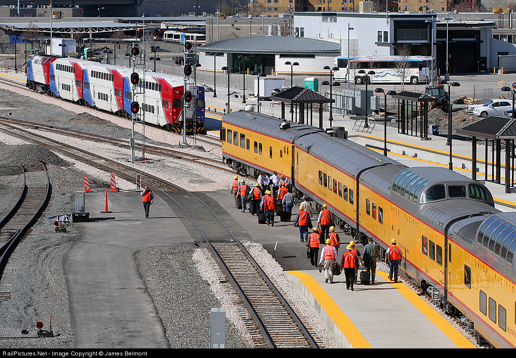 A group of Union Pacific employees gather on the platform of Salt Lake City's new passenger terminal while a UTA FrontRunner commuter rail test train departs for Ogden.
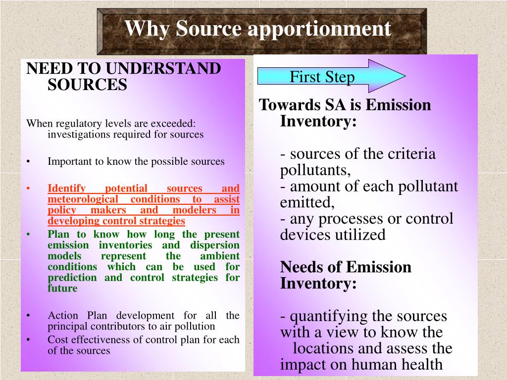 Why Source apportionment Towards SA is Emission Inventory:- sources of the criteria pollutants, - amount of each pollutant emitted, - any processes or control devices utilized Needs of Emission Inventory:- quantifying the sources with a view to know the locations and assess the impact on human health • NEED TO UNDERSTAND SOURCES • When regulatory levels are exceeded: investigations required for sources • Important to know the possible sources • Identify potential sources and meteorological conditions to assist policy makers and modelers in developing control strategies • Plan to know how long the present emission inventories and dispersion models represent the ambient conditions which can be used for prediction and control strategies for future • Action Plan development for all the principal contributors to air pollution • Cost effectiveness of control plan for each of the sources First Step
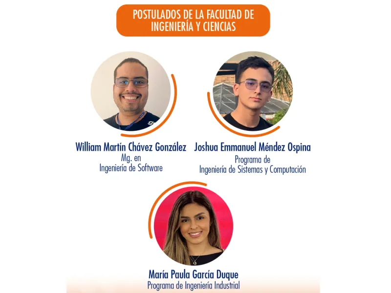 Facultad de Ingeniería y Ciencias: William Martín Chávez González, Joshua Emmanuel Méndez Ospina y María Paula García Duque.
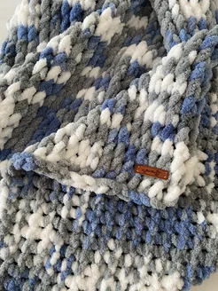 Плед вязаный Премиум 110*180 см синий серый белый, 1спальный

.....

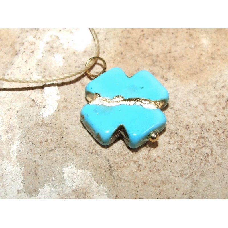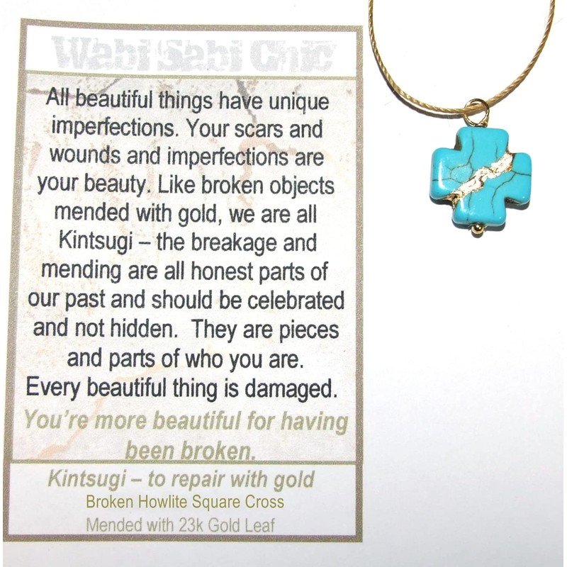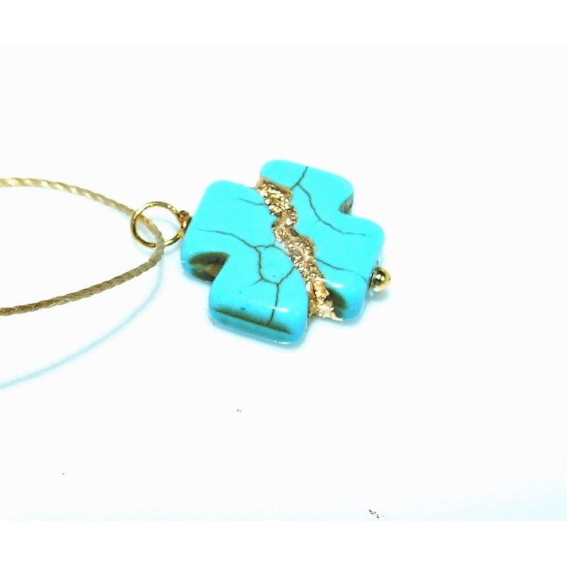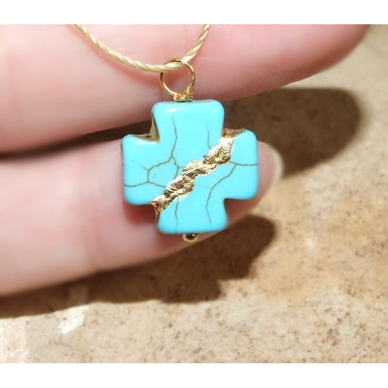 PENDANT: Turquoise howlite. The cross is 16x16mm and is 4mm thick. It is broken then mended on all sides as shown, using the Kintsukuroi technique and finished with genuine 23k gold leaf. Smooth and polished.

.....

Of the records above, print only the lines from the one containing "Facultad de Ingeniería" through the one containing "Плед вязаный Премиум", inclusive and unaltered, leaving out pictures.

*Exercise result*
 Facultad de Ingeniería y Ciencias: William Martín Chávez González, Joshua Emmanuel Méndez Ospina y María Paula García Duque.
 Плед вязаный Премиум 110*180 см синий серый белый, 1спальный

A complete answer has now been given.